Metadata-Version: 2.1
Name: hcf-backend
Version: 0.4.3.1
Summary: ScrapyCloud HubStorage frontier backend for Frontera
Home-page: https://github.com/scrapinghub/hcf-backend
Maintainer: Scrapinghub
License: BSD
Platform: UNKNOWN
Classifier: Development Status :: 5 - Production/Stable
Classifier: Intended Audience :: Developers
Classifier: License :: OSI Approved :: BSD License
Classifier: Operating System :: OS Independent
Classifier: Programming Language :: Python :: 3.6
Classifier: Programming Language :: Python :: 3.7
Requires-Dist: frontera (==0.7.1)
Requires-Dist: humanize (==0.5.1)
Requires-Dist: requests (>=2.18.4)
Requires-Dist: retrying (>=1.3.3)
Requires-Dist: scrapinghub (>=2.0.0)
Requires-Dist: shub-workflow (>=1.5.1)

HCF (HubStorage Crawl Frontier) Backend for Frontera
====================================================

When used with scrapy, use it with Scrapy Scheduler provided by `scrapy-frontera <https://github.com/scrapinghub/scrapy-frontera>`_. Scrapy scheduler provided
by `Frontera <https://github.com/scrapinghub/frontera>`_ *is not* supported. `scrapy-frontera` is a scrapy scheduler which allows to use frontera backends,
like the present one, with scrapy projects.

See specific usage instructions at module and class docstrings at `backend.py <https://github.com/scrapinghub/hcf-backend/blob/master/hcf_backend/backend.py>`_.
Some examples of usage can be seen in the `scrapy-frontera README <https://github.com/scrapinghub/scrapy-frontera/blob/master/README.rst>`_.

And a complete tutorial for using ``hcf-backend`` with ScrapyCloud workflows is available at
`shub-workflow Tutorial <https://github.com/scrapinghub/shub-workflow/wiki/Basic-Tutorial>`_. ``shub-workflow`` is a framework for defining workflows of spiders
and scripts running over ScrapyCloud.
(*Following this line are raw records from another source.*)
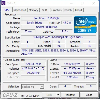 - Отображает полные характеристики CPU: маркировку, ревизию ядра, сокет и кэш-память L1, L2, L3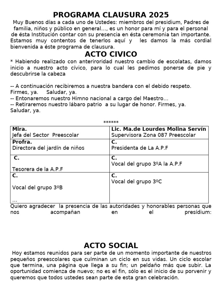 realizadas y a los niños por todo lo que aprendimos, junto con Ustedes,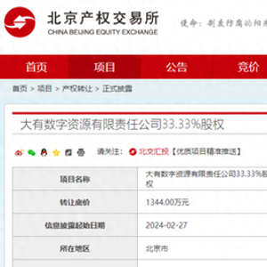 证券时报·e公司记者注意到,大有数字资源有限责任公司(下称“大有数字”)100%股权正被股东挂牌转让。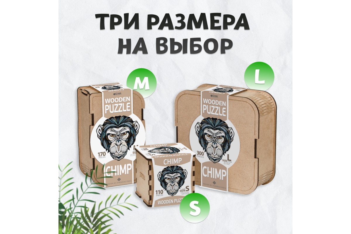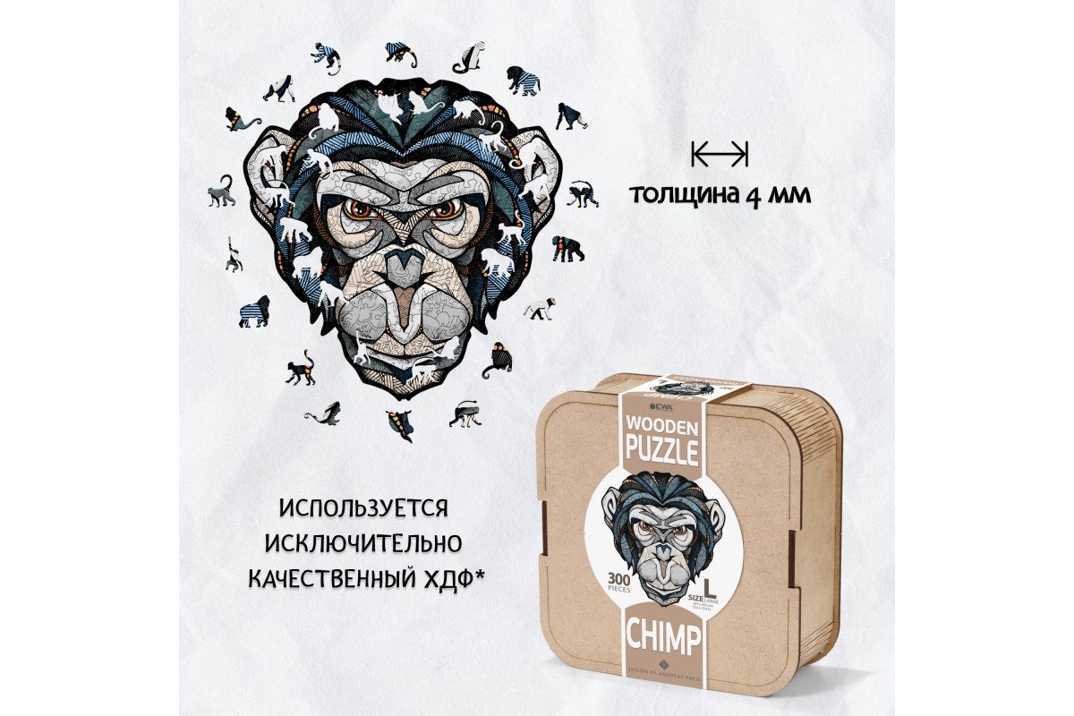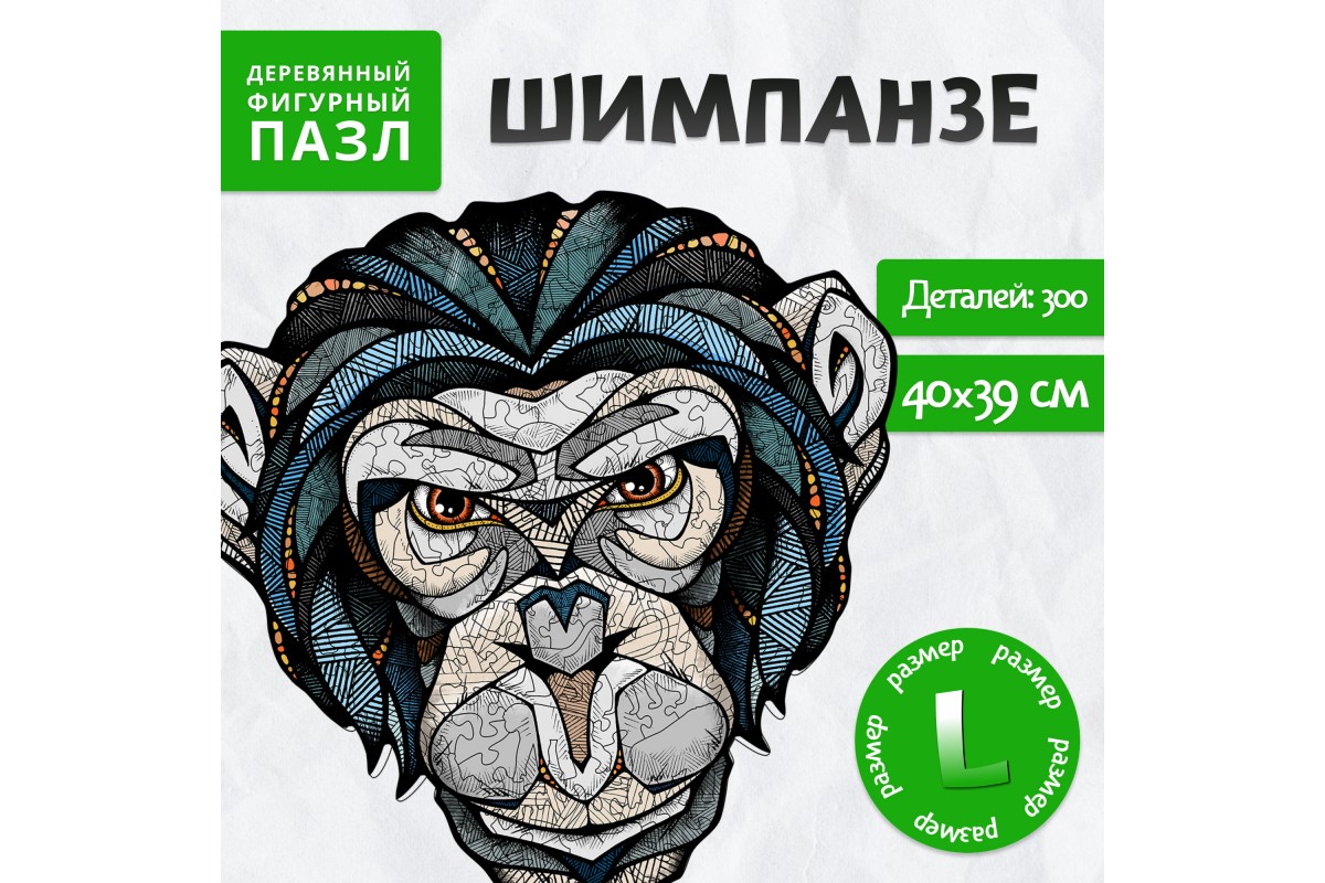 Деревянный пазл «Шимпанзе» большого размера 40x39 см – это захватывающий способ провести время с друзьями и семьей.

This is a strongly recommended lecture, because it documents the integration of different tools which together provide
the best benefit.

Package also provides a convenient command line tool for hubstorage frontier handling and manipulation:
`hcfpal.py <https://github.com/scrapinghub/hcf-backend/blob/master/hcf_backend/utils/hcfpal.py>`_. It supports dumping, count, deletion, moving, listing, etc.
See command line help for usage.

Another tool provided is `crawlmanager.py <https://github.com/scrapinghub/hcf-backend/blob/master/hcf_backend/utils/crawlmanager.py>`_. It facilitates the scheduling of
consumer spider jobs. Examples of usage are also available in the already mentioned ``shub-workflow`` Tutorial.

Installation
============

``pip install hcf-backend``